§ **What is needed**
Count the lines below that contain the word "result". Give only the number.

── Data

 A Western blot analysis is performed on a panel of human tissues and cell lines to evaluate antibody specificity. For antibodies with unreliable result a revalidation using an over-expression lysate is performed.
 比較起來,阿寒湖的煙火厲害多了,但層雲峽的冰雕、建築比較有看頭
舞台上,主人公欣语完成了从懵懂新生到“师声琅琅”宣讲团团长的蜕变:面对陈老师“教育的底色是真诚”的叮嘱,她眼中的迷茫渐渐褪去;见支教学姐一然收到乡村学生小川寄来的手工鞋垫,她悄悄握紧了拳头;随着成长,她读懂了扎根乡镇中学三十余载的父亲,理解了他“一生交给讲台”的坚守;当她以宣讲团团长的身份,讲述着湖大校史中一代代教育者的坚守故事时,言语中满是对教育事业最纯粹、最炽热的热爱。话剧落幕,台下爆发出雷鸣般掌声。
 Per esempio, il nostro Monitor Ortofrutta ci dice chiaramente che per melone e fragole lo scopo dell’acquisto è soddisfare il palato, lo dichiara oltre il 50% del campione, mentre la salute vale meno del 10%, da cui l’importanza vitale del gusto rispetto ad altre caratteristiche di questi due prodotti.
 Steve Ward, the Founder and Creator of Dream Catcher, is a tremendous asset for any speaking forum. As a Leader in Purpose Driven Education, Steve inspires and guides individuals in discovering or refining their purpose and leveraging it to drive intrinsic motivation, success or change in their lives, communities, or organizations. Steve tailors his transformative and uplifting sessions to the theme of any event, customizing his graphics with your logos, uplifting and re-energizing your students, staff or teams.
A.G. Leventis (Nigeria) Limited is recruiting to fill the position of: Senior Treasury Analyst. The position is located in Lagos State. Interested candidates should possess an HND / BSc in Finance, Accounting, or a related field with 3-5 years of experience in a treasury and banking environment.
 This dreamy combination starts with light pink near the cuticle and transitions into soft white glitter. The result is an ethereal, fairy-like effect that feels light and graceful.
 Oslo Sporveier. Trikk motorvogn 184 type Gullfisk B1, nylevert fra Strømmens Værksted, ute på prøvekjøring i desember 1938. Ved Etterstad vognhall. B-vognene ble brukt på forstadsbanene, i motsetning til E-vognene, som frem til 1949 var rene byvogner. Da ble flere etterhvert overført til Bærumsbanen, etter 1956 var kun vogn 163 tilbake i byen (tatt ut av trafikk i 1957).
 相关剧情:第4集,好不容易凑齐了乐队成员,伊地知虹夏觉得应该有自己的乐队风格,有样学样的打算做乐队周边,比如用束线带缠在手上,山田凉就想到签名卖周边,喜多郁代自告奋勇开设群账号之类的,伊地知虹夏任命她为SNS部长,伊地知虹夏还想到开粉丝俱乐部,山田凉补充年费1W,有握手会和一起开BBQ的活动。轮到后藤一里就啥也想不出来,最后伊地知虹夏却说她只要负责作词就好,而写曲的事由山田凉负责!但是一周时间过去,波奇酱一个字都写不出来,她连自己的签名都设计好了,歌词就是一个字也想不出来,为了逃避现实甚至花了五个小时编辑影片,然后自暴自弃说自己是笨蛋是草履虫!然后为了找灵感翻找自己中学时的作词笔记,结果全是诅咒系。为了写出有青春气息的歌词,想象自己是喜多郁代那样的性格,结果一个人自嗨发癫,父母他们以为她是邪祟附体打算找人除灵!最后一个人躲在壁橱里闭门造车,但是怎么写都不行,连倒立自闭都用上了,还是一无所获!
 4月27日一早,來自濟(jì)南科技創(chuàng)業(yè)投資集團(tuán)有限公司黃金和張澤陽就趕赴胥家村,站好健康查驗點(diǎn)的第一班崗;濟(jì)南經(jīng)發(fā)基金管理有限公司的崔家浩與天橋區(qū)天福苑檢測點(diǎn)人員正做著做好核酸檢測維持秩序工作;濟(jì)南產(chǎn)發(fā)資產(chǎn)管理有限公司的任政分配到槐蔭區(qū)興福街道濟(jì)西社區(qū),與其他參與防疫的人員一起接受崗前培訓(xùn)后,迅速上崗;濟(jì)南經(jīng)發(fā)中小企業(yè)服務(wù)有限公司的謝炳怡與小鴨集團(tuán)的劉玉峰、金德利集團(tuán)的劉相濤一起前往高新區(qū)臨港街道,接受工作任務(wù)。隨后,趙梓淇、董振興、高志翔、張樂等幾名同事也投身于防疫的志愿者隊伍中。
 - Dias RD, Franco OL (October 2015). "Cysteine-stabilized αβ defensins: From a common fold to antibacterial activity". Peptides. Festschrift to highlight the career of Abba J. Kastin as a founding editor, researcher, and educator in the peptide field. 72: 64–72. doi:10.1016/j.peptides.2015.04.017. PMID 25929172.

────
── Data

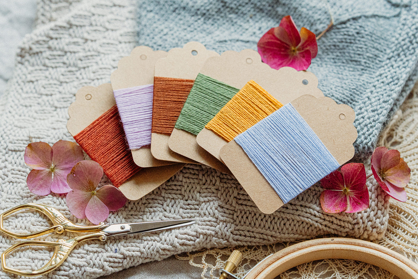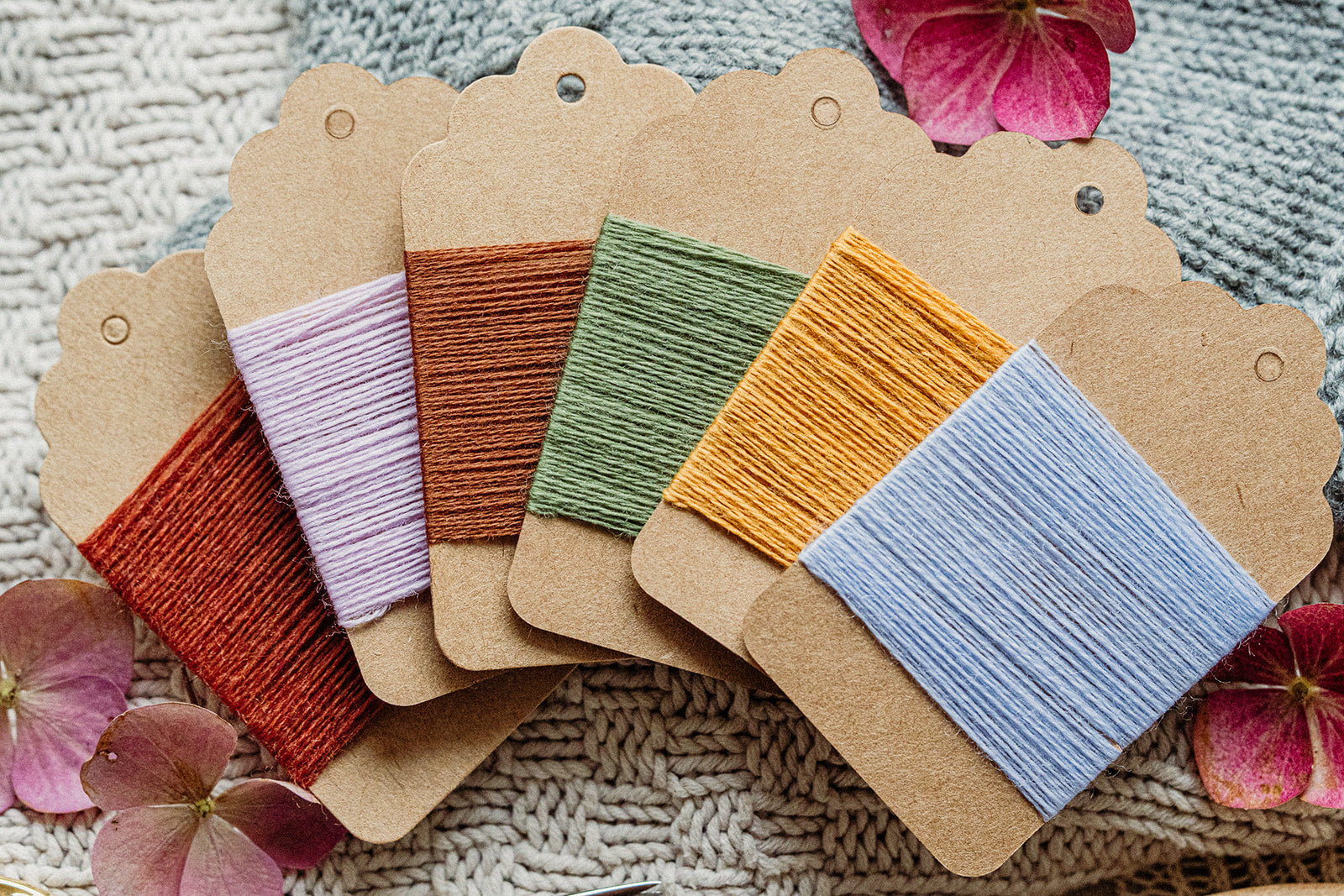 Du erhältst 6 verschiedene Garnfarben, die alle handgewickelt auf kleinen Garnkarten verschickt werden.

────

§ **The completed task**
2